The Austro-Daimler Panzerautomobil was an armored car built by Austro-Daimler in 1905 for use with the Austro-Hungarian Army.

Design of the Panzerautomobil started in 1904, based on a 4x4 drive built by Paul Daimler, with Hauptmann Robert Wolf serving as a main designer of the finished armored car itself. The fully enclosed body consisted of 3mm thick nickel steel armor, with an armored engine housing and a crew compartment housing the driver, gunner, and two crewmen. The driver had two vision slits but no side vision ports, thus limited his field of view. To compensate for this, a roof hatch was installed and the driver's seat as well as the steering mechanism could be elevated so that he could look around and drive at the same time. Armament consisted of a 7.62mm Maxim machine gun housed in a 3.5mm thick dome shaped armored turret which was capable of 360 degree rotation. The engine was a 4.4 liter, 4-cylinder Daimler piston engine capable of 30-35 (depending on the source) hp at 1050 rpm with fuel tank capacity giving approximately 10 hours worth of road travel. Front wheels (83 cm) were covered in nickel steel and the back wheels (92 cm) were partially armor covered spoked wood. All four tires were solid rubber.

The first trials took place at Daimler-Motoren-Gesellschaft after the vehicle's completion in November, 1905. It was offered to the German War Industry but rejected, so was next exhibited at the 6th Wiener Nationaler Automobilausstellung (Vienna National Automotive Exhibition) in March, 1906. There it was shown to Archduke Franz Ferdinand, Archduke Franz Salvator, Archduke Friedrich and Emperor Franz Joseph. The car received several major modifications before the Kaisermanöver (Emperor Maneuvers, annual wargames) in August/September 1906 in Schlesien. A newly designed turret with a back hatch was installed, as well as a gun port for a second machine gun. Armored thickness was increased to 4mm and the engine was replaced with one capable of 40 hp. The changes increased the weight to 3,200 kg. Oberstleutnant Heinrich Graf Schönfeld was in command of the car when it made its appearance at the wargames and spoke well of it, making a 160 km drive before the start. The press and troops were both enthusiastic about the vehicle, which also drove back from Teschen after the games ended, a 250 km journey that took two days.

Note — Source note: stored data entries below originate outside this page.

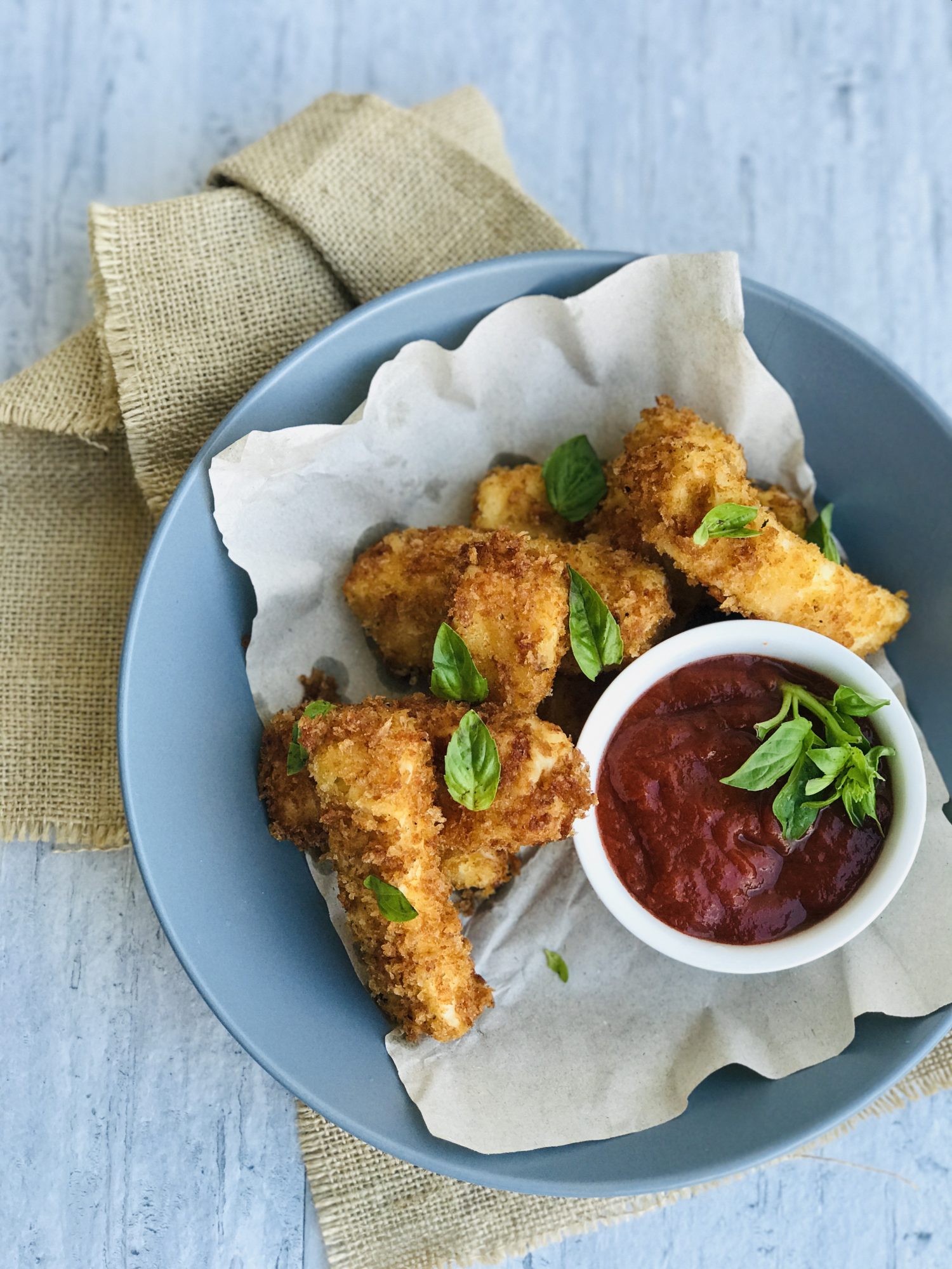 Air Fry the kesong puti sticks for 10 minutes or until brown and crispy.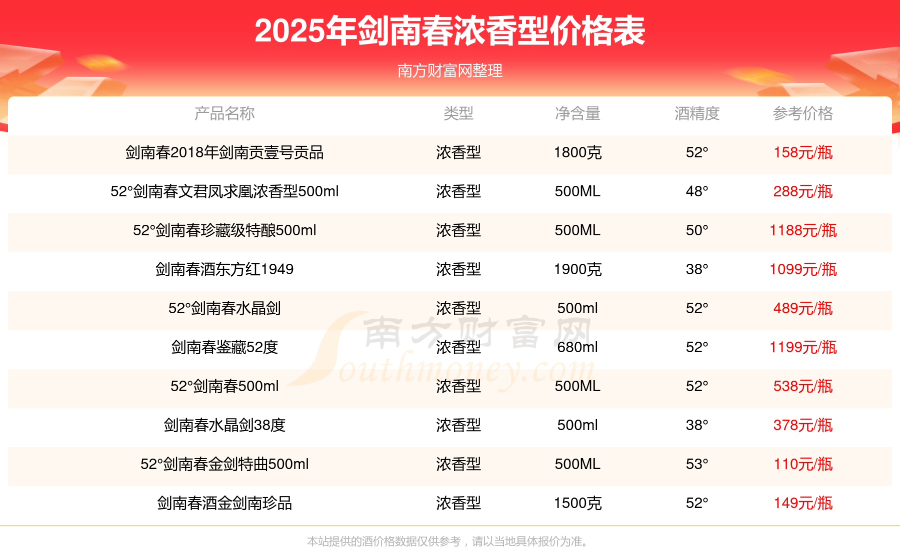 劍南春鑒藏52度參考價1199元/瓶、52°劍南春珍藏級特釀500ml參考價1188元/瓶、劍南春酒東方紅1949參考價1099元/瓶、52°劍南春500ml參考價538元/瓶、52°劍南春水晶劍參考價489元/瓶。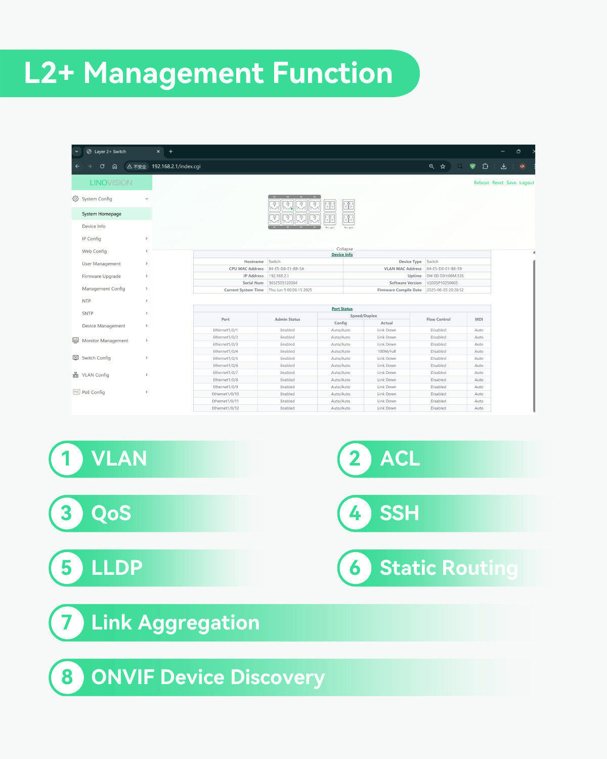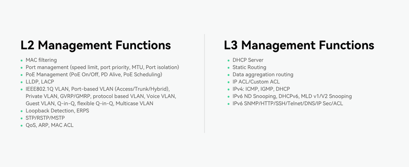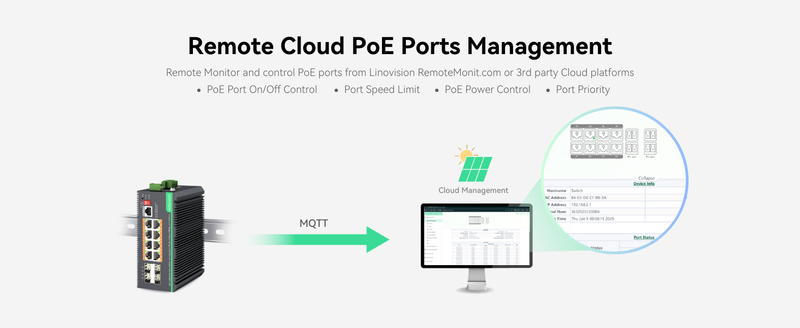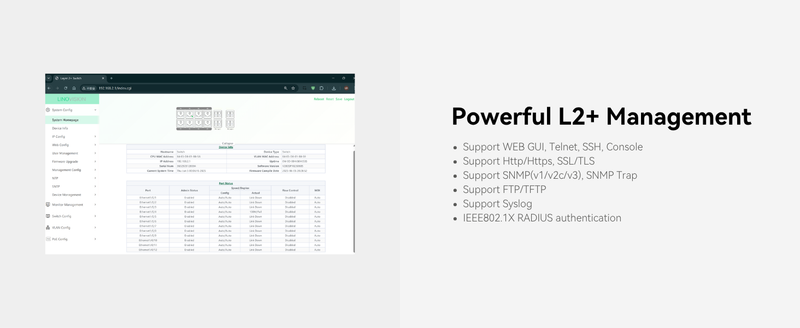 - L2+ Management and Remotely Cloud Access - Supports L2+ management functions like VLAN, QoS, ACL, Static Routing and Link Aggregation, as well as automatic ONVIF cameras discovery. Device management through WEB GUI, Telnet, SSH, CLI, SNMP, and MQTT Cloud (RemoteMonit Cloud)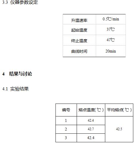 调节仪器温度,设置合适的测试参数,待温度达到设定温度后,从冰箱中取出毛细管样品进行测试,放到仪器加热炉中开始测试,观察并记录每个毛细管油面浮升的温度,计算其平均值,即为试样的熔点。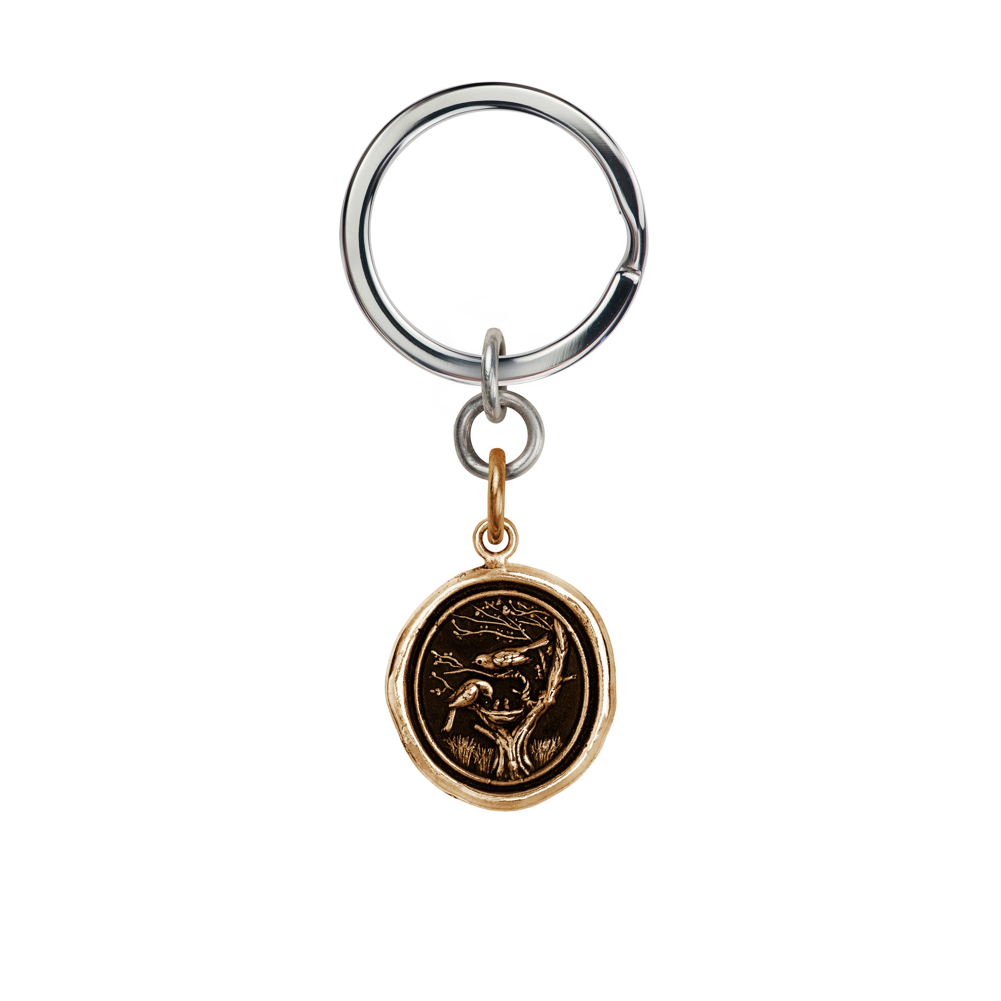 - Sterling silver or bronze talisman on a stainless steel key chain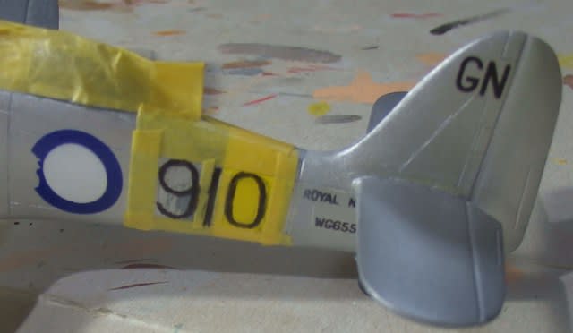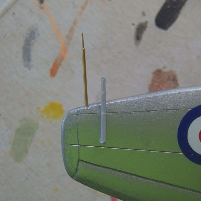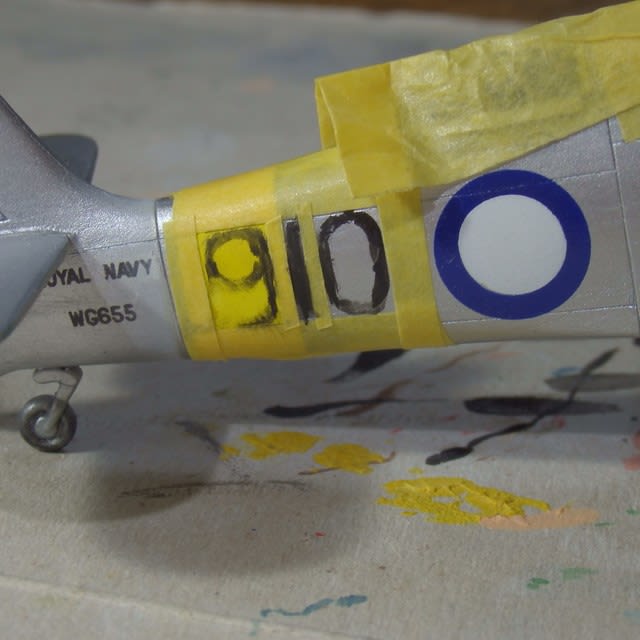 左側面のラウンデルの青欠けも筆でリタッチ、これはNo5ブルー・No328ブルーFS15050の混色です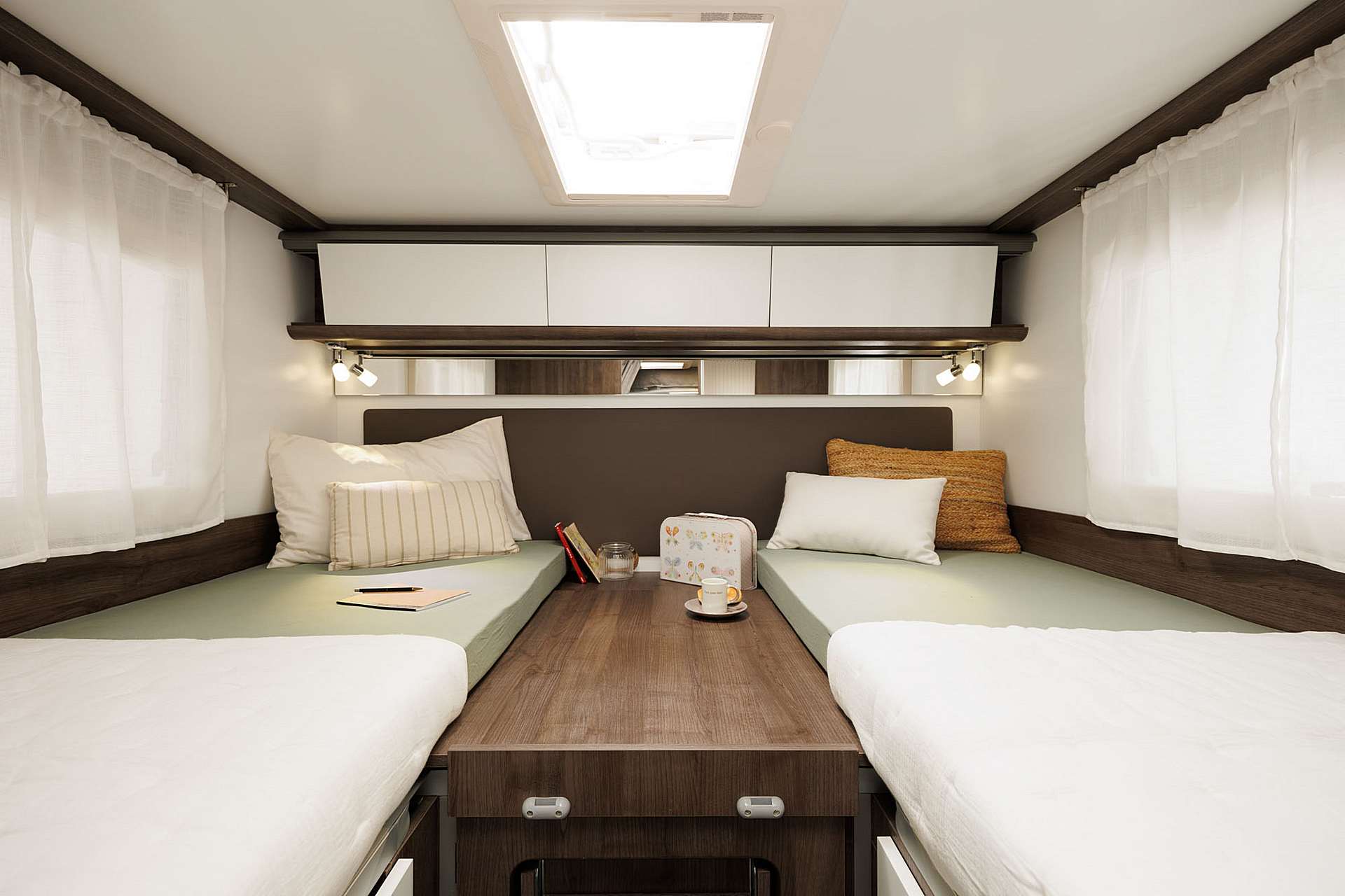 - Un amplio habitáculo te ofrece en la parte trasera una cama King Size de más de 2 metros o si lo prefieres dos camas separadas.

Unfortunately, Austria-Hungary wasn't interested in purchasing the Panzerautomobil, so it was exhibited in Paris at the Grand Palais in December, 1906, where the French referred to it as the Austro Daimler Mercedes de 45 cv. France was interested in the vehicle, but only as a comparison to the Charron, Girardot et Voigt 1902 armored car. In January 1907 it was tested by the French Army where it exceeded expectations on rough terrain. However, the Commission d’étude des armes portatives et de petit calibre (Commission for the Study of Portable and Small Firearms) reported on 4 May 1909 that contemporary armored cars weren't fit for service due to relatively bad off-road performance and high production costs.

The AD Panzerautomobil was returned to Austria and likely scrapped a few years later. While promising, none of the armored cars of this era were ready for full time use. The design inspired a prop armored car that appeared in the movie A Fistful of Dynamite.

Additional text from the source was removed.